What to work on:
From the listing below, copy only the lines from the line that contains "Рисунок 2 Направления" to the line that contains "Для кластеризации в", counting those two lines as part of the copy.
Given records section start
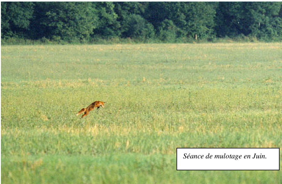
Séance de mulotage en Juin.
Given records section end
Given records section start
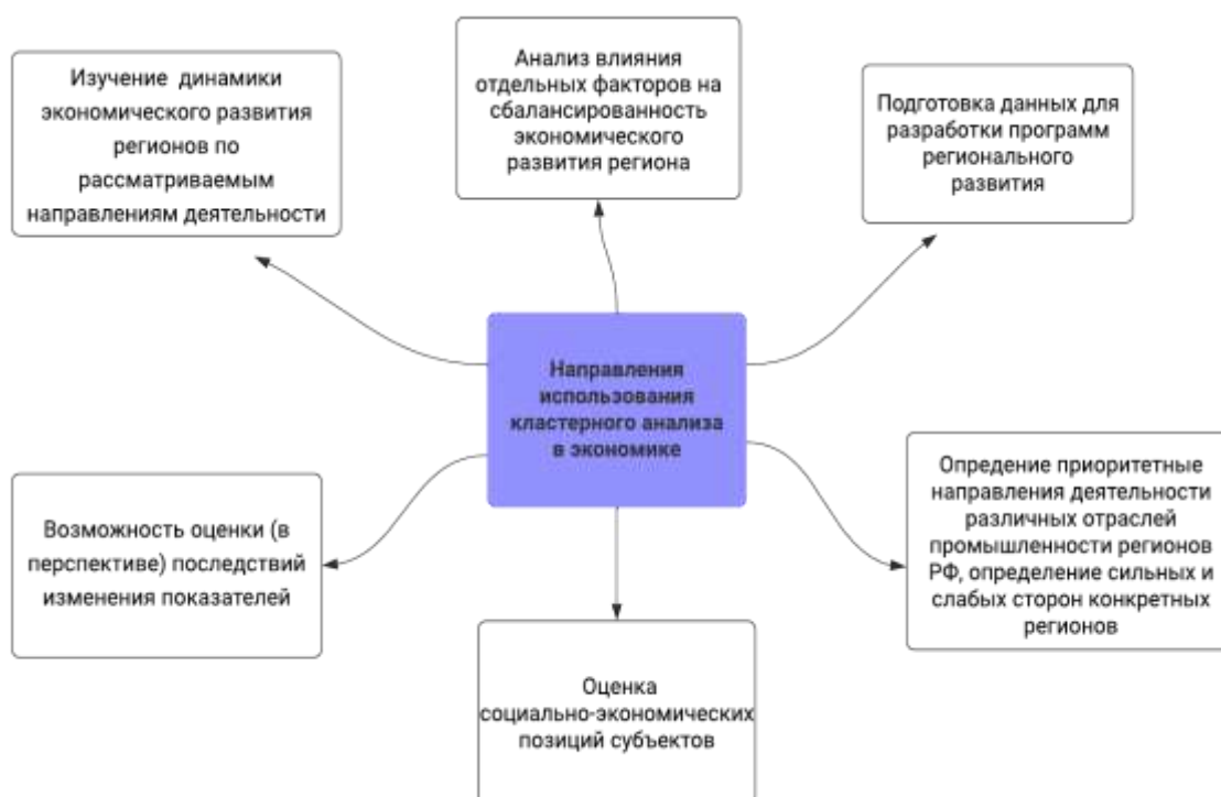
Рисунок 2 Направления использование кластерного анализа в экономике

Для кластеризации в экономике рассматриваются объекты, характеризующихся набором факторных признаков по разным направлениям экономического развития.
Given records section end
Answer:
Рисунок 2 Направления использование кластерного анализа в экономике

Для кластеризации в экономике рассматриваются объекты, характеризующихся набором факторных признаков по разным направлениям экономического развития.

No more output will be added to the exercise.